Jeremiah 5:10. Scale her walls … for they are not Jehovah’s. The image of a vine in an unwalled vineyard suggests the expression.—The phrase for they are not Jehovah’s involves the idea of depravation. Comp. Jeremiah 2:21.

Jeremiah 5:11. For they have been faithless toward me … saith Jehovah. The threatening of punishment repeated in a new form follows the fundamental declaration “Israel has been faithless towards the Lord.” The prophet says this of both kingdoms, though the kingdom of Israel was no longer in existence. We see that he still has always in view the entire past history of the people. Comp. the remarks on ואשׁביע at Jeremiah 5:7.—Faithless (comp. Jeremiah 3:7 sqq.) is evidently in antithesis to truth, Jeremiah 5:1; Jeremiah 5:3. It is a word of general signification, and would not in itself afford a new, specific element. It is therefore more particularly defined in what follows.

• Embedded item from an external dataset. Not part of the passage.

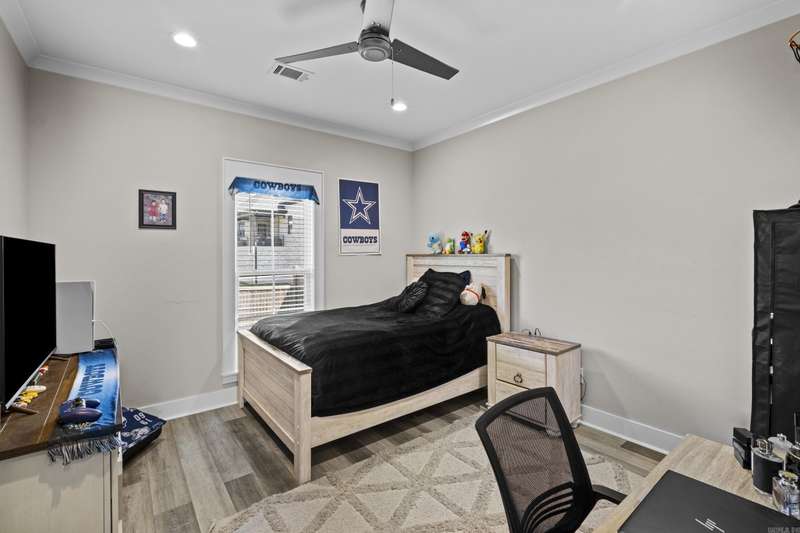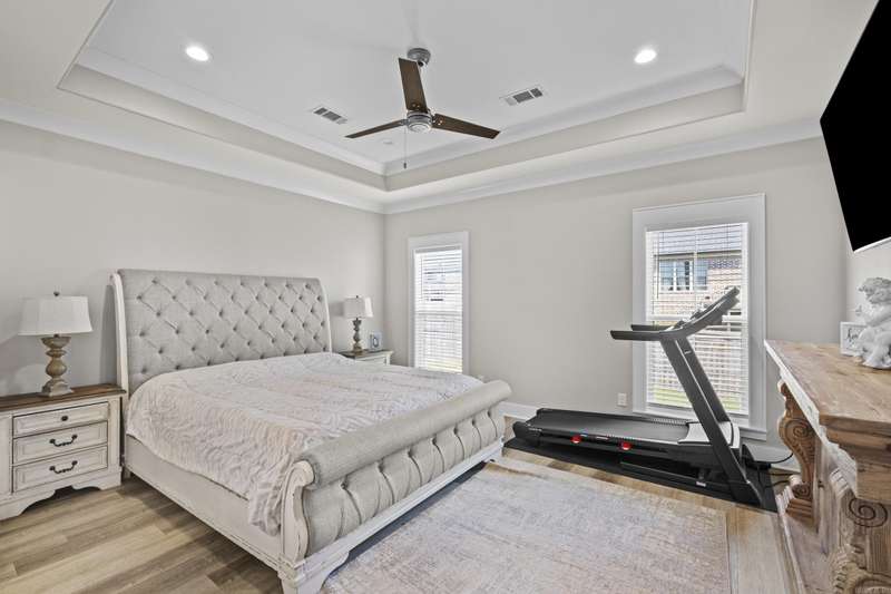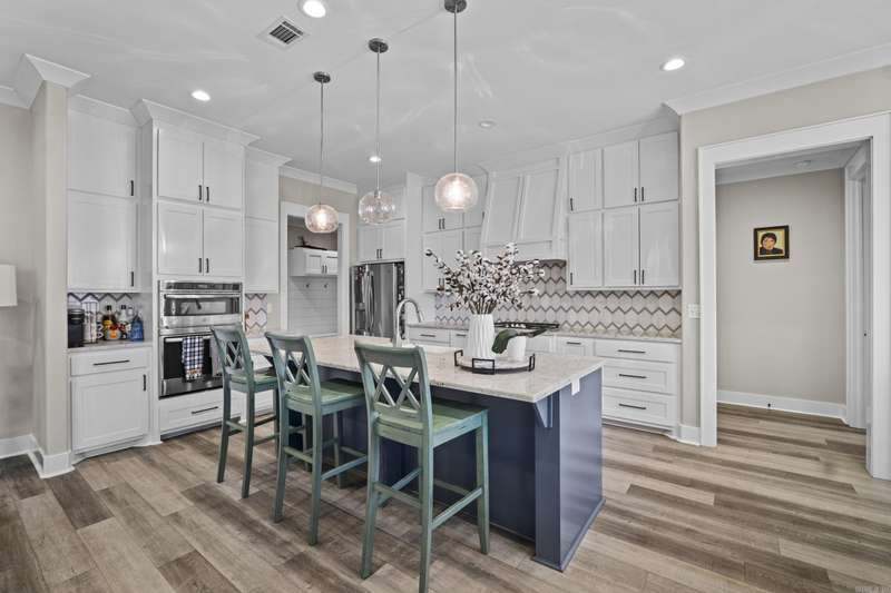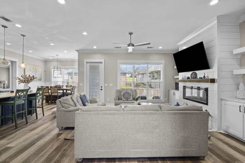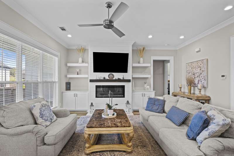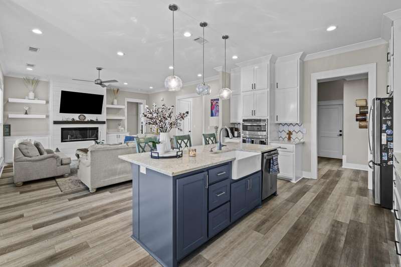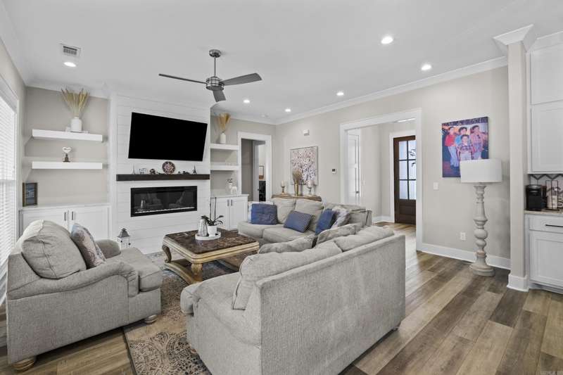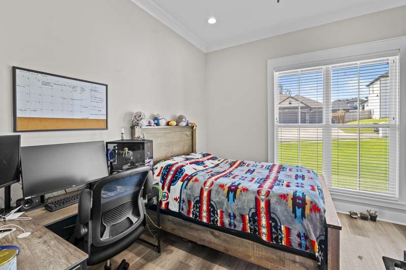 Beautifully maintained 1 ½-story home located in the highly sought-after Creekside Subdivision. This spacious 4-bedroom, 3-bath residence offers a split-level, open-concept floor plan with an office and a versatile bonus room upstairs. The inviting living room boasts 10-foot ceilings, expansive windows that fill the space with natural light, and a modern LED fireplace. The kitchen is a true centerpiece, featuring ample cabinet space, granite countertops, a large island with a farmhouse sink, and a walk-in pantry. The primary suite is a private retreat with a tray ceiling, a luxurious en-suite bathroom, double sinks, a standalone soaking tub, walk-in shower, and a generous walk-in closet. Additional highlights include a spacious laundry room with cabinets, counter space, a sink, and a hanging rail. The upstairs bonus room offers a full bath, closet, and additional storage, making it ideal for guests or a media/game room. Step outside to enjoy the covered patio, perfect for grilling and relaxing, overlooking a fully fenced backyard. Don't miss the opportunity to call this exceptional home yours—schedule a showing today!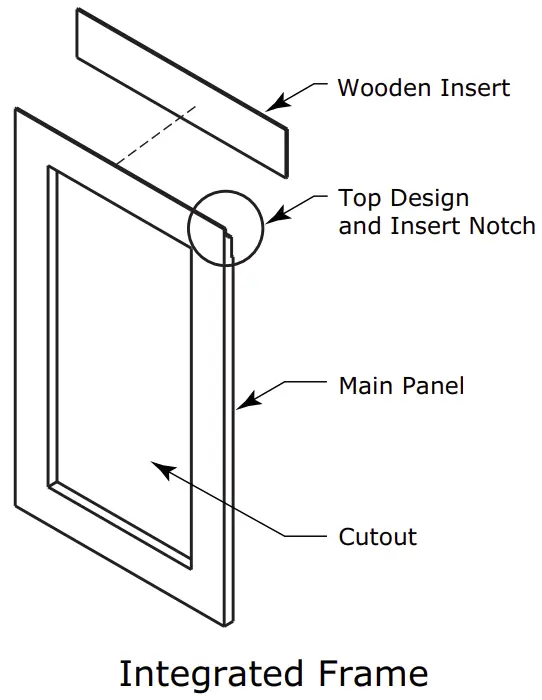 When applying an integrated frame to a unit, ensure that both sides are finished in order to prevent warping. In some frame installations, the panel may be visible through the glass while the door is open.

Jeremiah 5:12. They have denied Jehovah … shall we behold. It is here declared that they injured the truth in such a manner by their faithlessness, that they virtually denied the existence of Jehovah.—have denied, Joshua 24:27; Isaiah 59:13. Comp. Proverbs 30:9. The sense of this is explained unmistakably by He is not. If Jehovah is not, there is no possibility of a judgment to be effected by Him.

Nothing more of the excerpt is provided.